Matthias Blutmond
-
25-02-2025, 09:37 PM
(Última modificación: 25-02-2025, 09:41 PM por Matthias Blutmond.)
Durante un vistazo rápido a las inmediaciones, entendí rápido lo que el mundano ser humano entendía por lujo, y no estaba más que construcciones de factura mediocre enarboladas por una fina capa de chabacanería que se disfrazaba torpemente de distinción.
Esto, ni más ni menos, era una ciudad de donnadies en mitad del North Blue, Monfort. No se podía esperar más.
Esta era la amable cara que los dragones celestiales mostrábamos al mundo, permitiéndoles poblar sobre nuestros territorios libremente mas, con todo, había algunos lo suficientemente osados para enfrentarse de forma transversal al mismo órgano le que les alimentaba, atentando contra el gran engranaje que era el fin mismo de sus insípidas vidas.
Con un pequeño ruido de ave cantor, sonó una alarma y de uno de los bolsillos interiores de mi chaqueta agarré un pequeño reloj de bolsillo con un botón en forma de caracola que nacía en la parte superior y que era adornado con motivos de hojas directamente talladas sobre un pequeño armazón de jade que escondía un cristal pulido con manijas engastadas en plata. Marcaba la hora a la que el encuentro se había dictado, lo que me despertó de mi abstracción.

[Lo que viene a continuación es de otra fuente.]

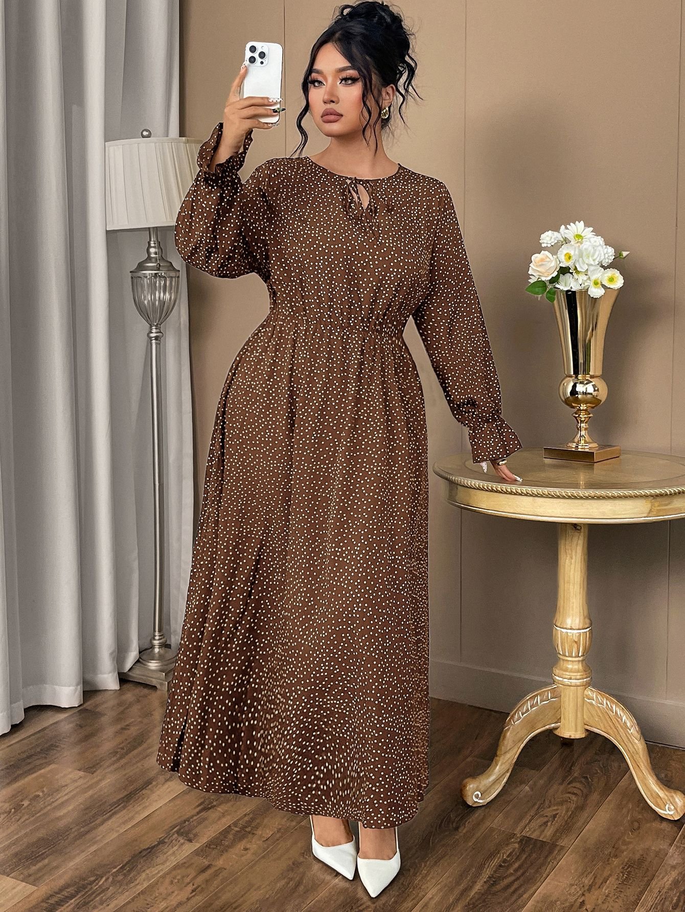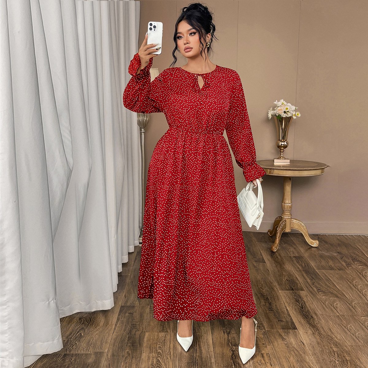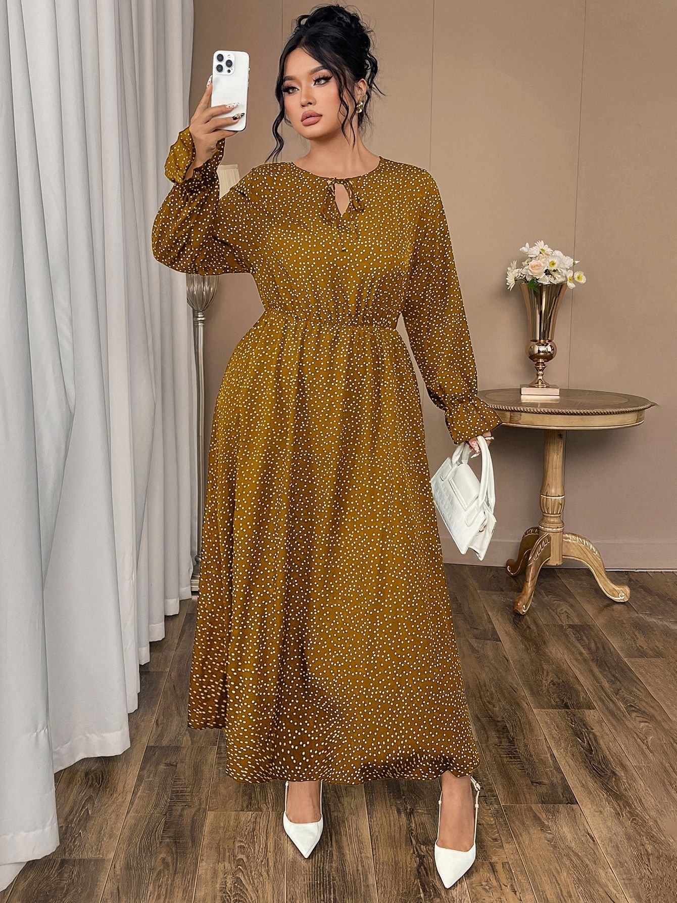 This stylish and comfortable plus size dress features a chic polka dot pattern, making it perfect for a range of occasions. The dress is crafted from lightweight chiffon, ensuring a flattering fit for curvier figures.

Alzando entonces la mirada, pude encontrar la mirada de un hombre de ropas simples pero elegantes, donde ningún detalle quedaba al azar, pero al mismo tiempo era parco en ostentosidad haciendo gala de la preciada tela con la que su traje azul marengo estaba compuesta, y coronando con una pequeña medalla del Gobierno Mundial la parte derecha de su pecho.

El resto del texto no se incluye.